Explanation.–For the purposes of this clause, it is hereby clarified that, notwithstanding anything contained in any other law for the time being in force or any judgment, decree or order of any Court, tribunal or authority, the person and its members or constituents shall be deemed to be two separate persons and the supply of 77 activities or transactions inter se shall be deemed to take place from one such person to another.

(16) Changes proposed in respect of Zero- Rated supply [Section 16 of IGST Act][Clause 114]

“Zero-rated supply” means any of the following supplies of goods or services

or both, namely:–

  • export of goods or services or both; or
  • supply of goods or services or both for authorised operations  to a Special Economic Zone developer or a Special Economic Zone unit

(Bold, Italics, underlined are proposed to be inserted)

Section 16(3) to only limited upto Zero rated supply under LUT: –

As per Finance Bill, 2021, the following is proposed to be zero-rated supply u/s 16(3) of the IGST Act.

A registered person making zero rated supply shall be eligible to claim a refund of the unutilized input tax credit on supply of goods or services or both, without payment of integrated tax, under bond or Letter of Undertaking, in accordance with the provisions of section 54 of the Central Goods and Services Tax Act or the rules made thereunder, subject to such conditions, safeguards, and procedure as may be prescribed.

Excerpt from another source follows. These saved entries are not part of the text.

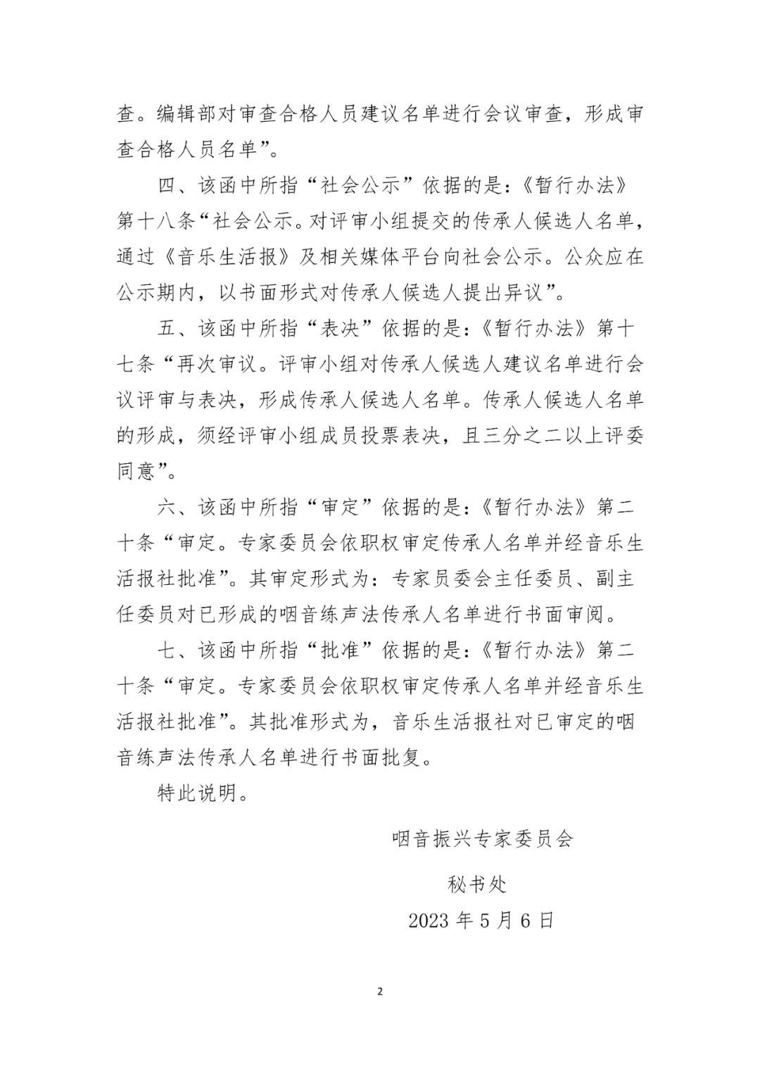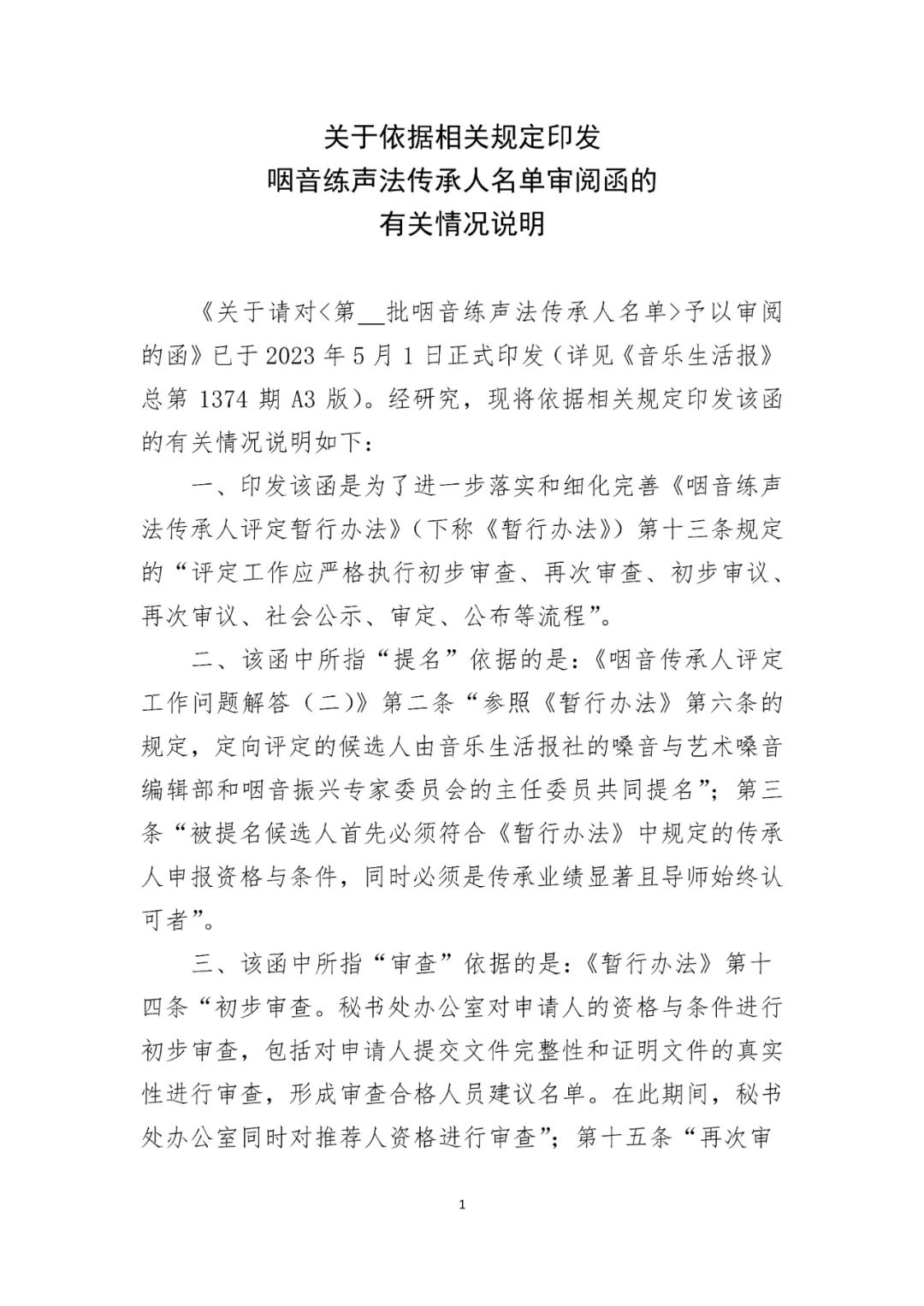 關(guān)于依據(jù)相關(guān)規(guī)定印發(fā)咽音練聲法傳承人名單審閱函的有關(guān)情況說明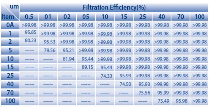 - Micron Rating 0.5, 1, 2, 5, 10, 25, 40, 50,70, 100 and other micron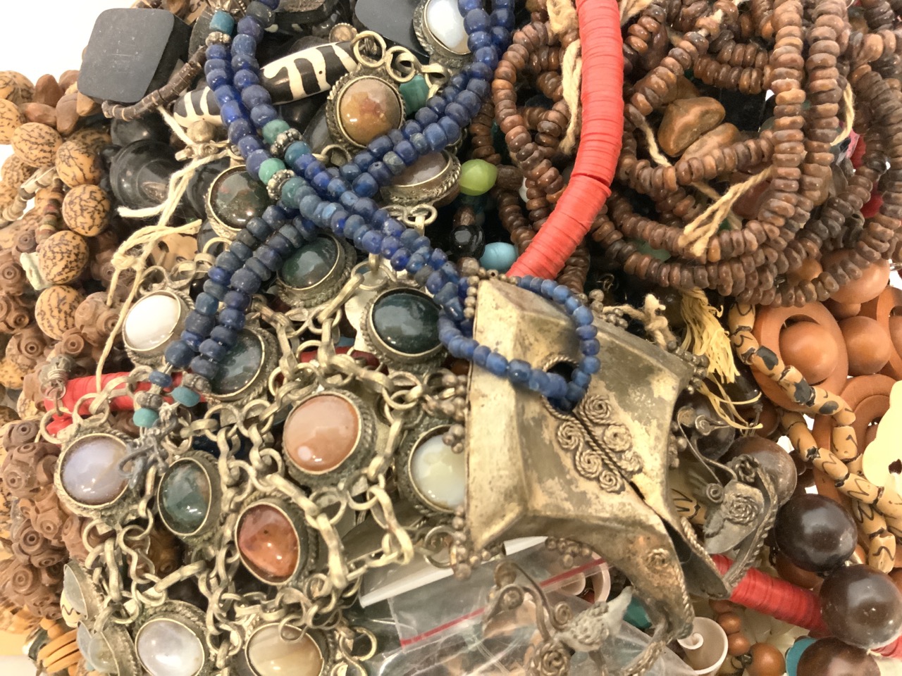 Eleven (11) pounds of assorted tribal trade beads and jewelry. Mid Eastern, African, Asian etc.

As per proviso to section 16(3), the registered person making the zero-rated supply of goods shall, in case of non-realization of sale proceeds, be liable to deposit the refund so received under this sub-section along with the applicable interest under section 50 of the Central Goods and Services Tax Act within30 days after the expiry of the time limit prescribed under the Foreign Exchange Management Act, 1999 for receipt of foreign exchange remittances.

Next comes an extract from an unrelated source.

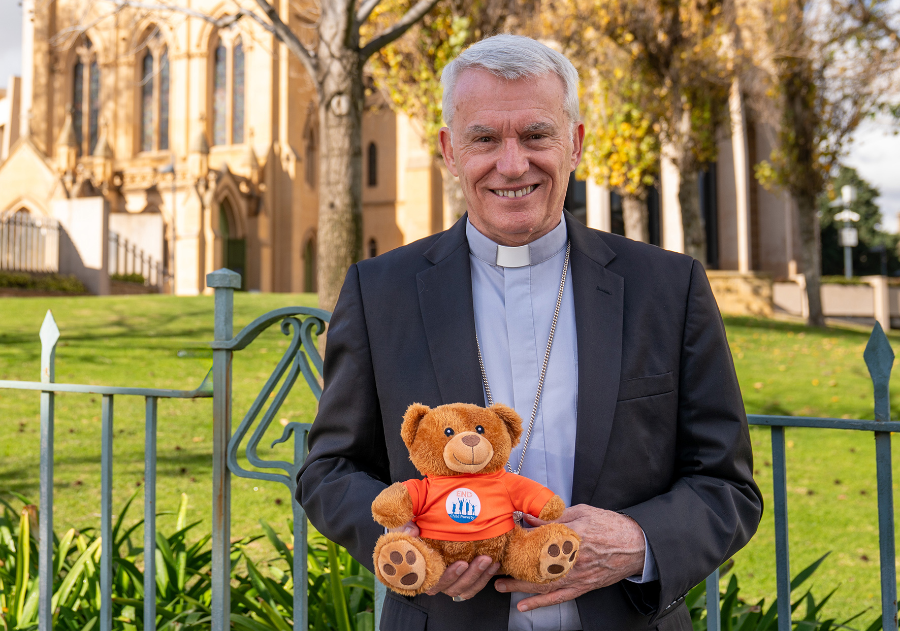 Archbishop Costelloe holds a teddy as part of the End Child Poverty campaign. Photo: Michelle Tan.
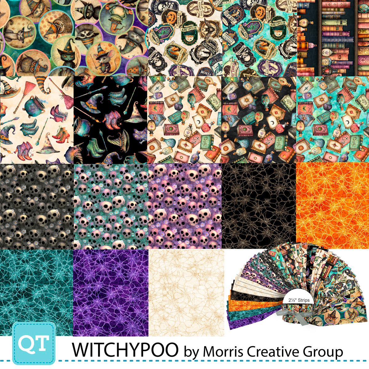 Cast a spell for your next enchanted project with this spirited collection! Joined by a menagerie of magical creatures, these witches bring the magic of Halloween to life! A dramatic haunted house panel sets the stage for coordinating prints filled with cobwebs, broomsticks, skulls, spell books and more. Vibrant colors add spooky energy to quilts, home décor, apparel – perfect for celebrating your favorite haunted holiday! © Morris Creative Group

(Note: Government is only for supplier of goods)

Time Limit under FEMA [Regulation 9 of Foreign Exchange Management (Export of Goods and Services) Regulations, 2015: –

In ordinary case: The amount representing the full export value of goods/software/ services exported shall be realised and repatriated to India within nine months from the date of export.

However, where the goods are exported to a warehouse established outside India with the permission of the Reserve Bank, the amount representing the full export value of goods exported shall be paid to the authorised dealer as soon as it is realised and in any case within fifteen months from the date of shipment of goods.

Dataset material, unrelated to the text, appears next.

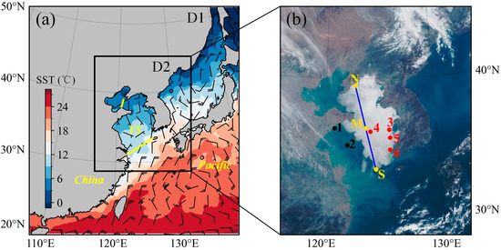 The eighth Himawari geostationary weather satellite (Himawari-8) is operated by the Japan Meteorological Agency (JMA) and can be accessed at: https://www.jma.go.jp (accessed on 1 March 2024). The CALIPSO (Cloud-Aerosol Lidar and Infrared Pathfinder Satellite Observation) satellite can be downloaded at https://asdc.larc.nasa.gov/data/CALIPSO (accessed on 1 March 2024). International Comprehensive Ocean-Atmosphere Data Set (ICOADS) can be downloaded at https://rda.ucar.edu/datasets/ds548.0 (accessed on 1 March 2024). The ERA5 data are archived by ECMWF (https://cds.climate.copernicus.eu/cdsapp#!/dataset/reanalysis-era5-pressure-levels (accessed on 1 March 2024)). The NEAR-GOOS SST data can be downloaded at http://ds.data.jma.go.jp/gmd/goos/data (accessed on 1 March 2024). Other data and codes for this study are available from the corresponding author upon reasonable request.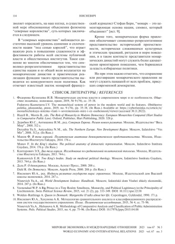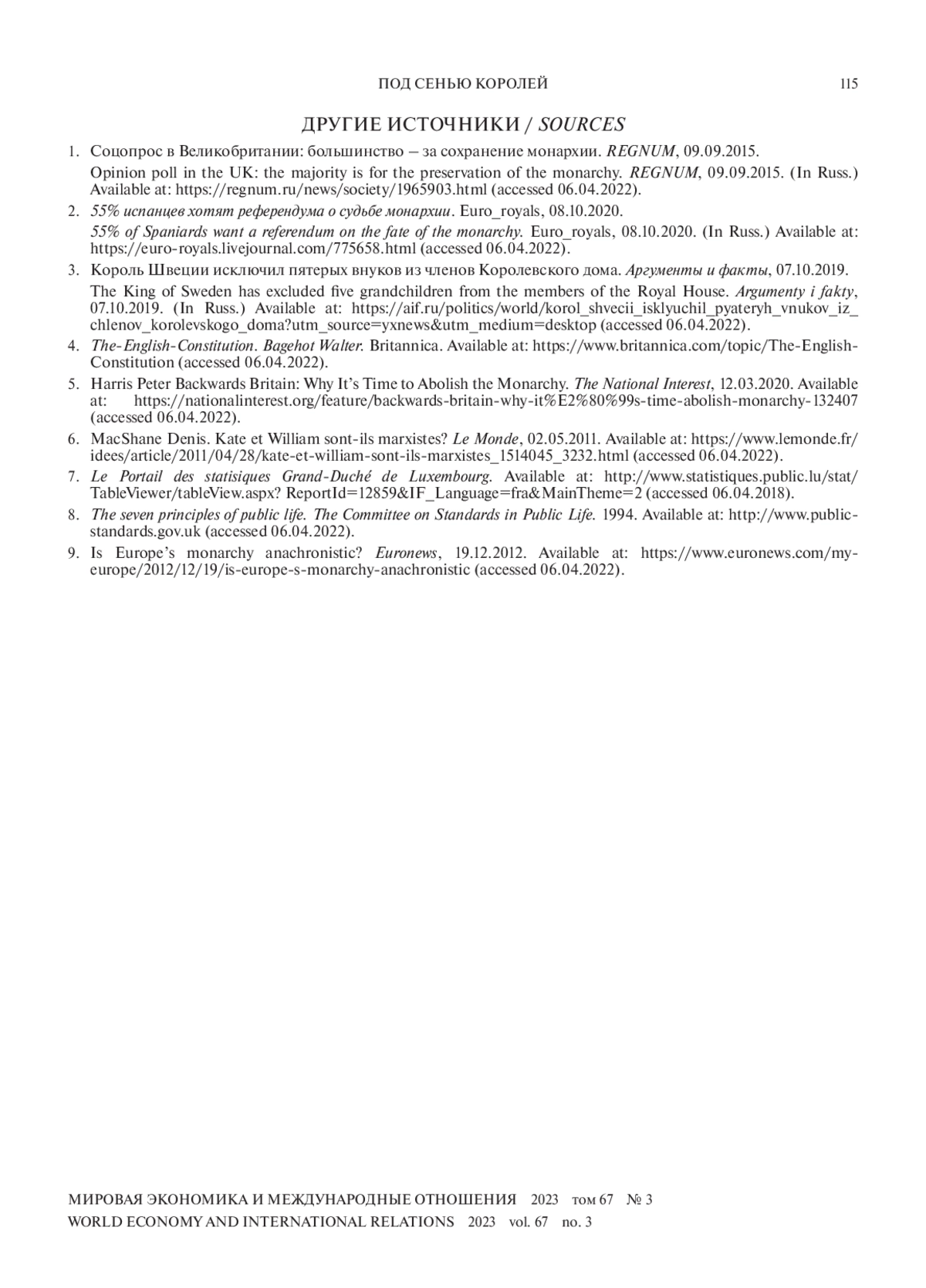 1. Федорова-Кузнецова И.В. Монархическая система власти в современном мире и ее особенности. Общество: политика, экономика, право, 2019, № 9 (74), сс. 35-38. EDN: YWDJXI

Extension of the period: Further to the Reserve Bank, or subject to the directions issued by that Bank on this behalf, the authorized dealer may, for a sufficient and reasonable cause, extend the period of nine months or fifteen months, as the case may be.

For the purpose of this regulation, the “date of export” in relation to the export of software in other than physical form, shall be deemed to be the date of invoice covering such export.

The same has been made in line with Rule 96B of CGST Rules, 2017.

Further, government may prescribe,

(i) a class of persons who may make zero-rated supply on payment of integrated tax and claim a refund of the tax so paid;

(ii) a class of goods or services which may be exported on payment of integrated tax and the supplier of such goods or services may claim the refund of tax so paid.

Thus, it may be inferred that the government intends to reduce claims of refund on payment of integrated tax because such claims are directly credited to bank account without in-depth scrutiny of documents. Accordingly, it may prescribe classes of taxpayers who can claim such refund.

Furthermore, it may prescribe certain goods or services on which such refunds can be claimed.